> WHAT IS EXPECTED
Below is a listing. Set down exactly the lines from the one containing "Comuna Rășinari va" through the one containing "Oglindă, Fluminia, Gold-Lady-60, rotundă, cu", both ends included, and leave out the rest.

> SOURCE DATA
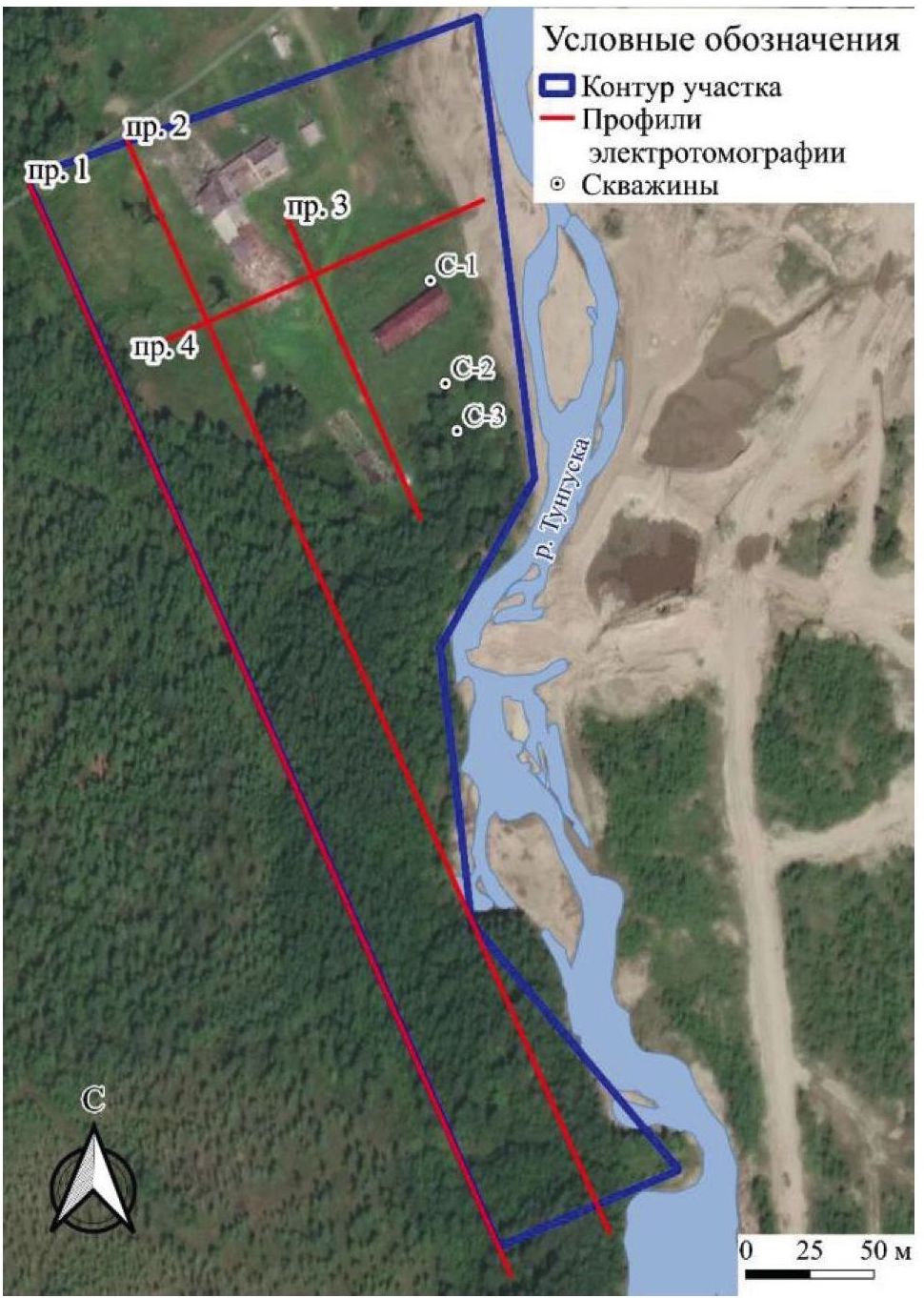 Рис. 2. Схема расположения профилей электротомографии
--
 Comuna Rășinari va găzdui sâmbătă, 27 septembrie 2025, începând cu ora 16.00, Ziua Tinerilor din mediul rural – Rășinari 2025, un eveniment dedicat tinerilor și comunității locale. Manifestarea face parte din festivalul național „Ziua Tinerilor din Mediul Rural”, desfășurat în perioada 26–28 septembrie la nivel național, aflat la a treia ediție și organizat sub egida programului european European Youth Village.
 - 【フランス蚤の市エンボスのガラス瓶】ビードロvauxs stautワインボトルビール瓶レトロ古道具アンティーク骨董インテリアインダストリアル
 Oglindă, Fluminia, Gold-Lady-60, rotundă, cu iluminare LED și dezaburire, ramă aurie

> EXPECTED ANSWER
 Comuna Rășinari va găzdui sâmbătă, 27 septembrie 2025, începând cu ora 16.00, Ziua Tinerilor din mediul rural – Rășinari 2025, un eveniment dedicat tinerilor și comunității locale. Manifestarea face parte din festivalul național „Ziua Tinerilor din Mediul Rural”, desfășurat în perioada 26–28 septembrie la nivel național, aflat la a treia ediție și organizat sub egida programului european European Youth Village.
 - 【フランス蚤の市エンボスのガラス瓶】ビードロvauxs stautワインボトルビール瓶レトロ古道具アンティーク骨董インテリアインダストリアル
 Oglindă, Fluminia, Gold-Lady-60, rotundă, cu iluminare LED și dezaburire, ramă aurie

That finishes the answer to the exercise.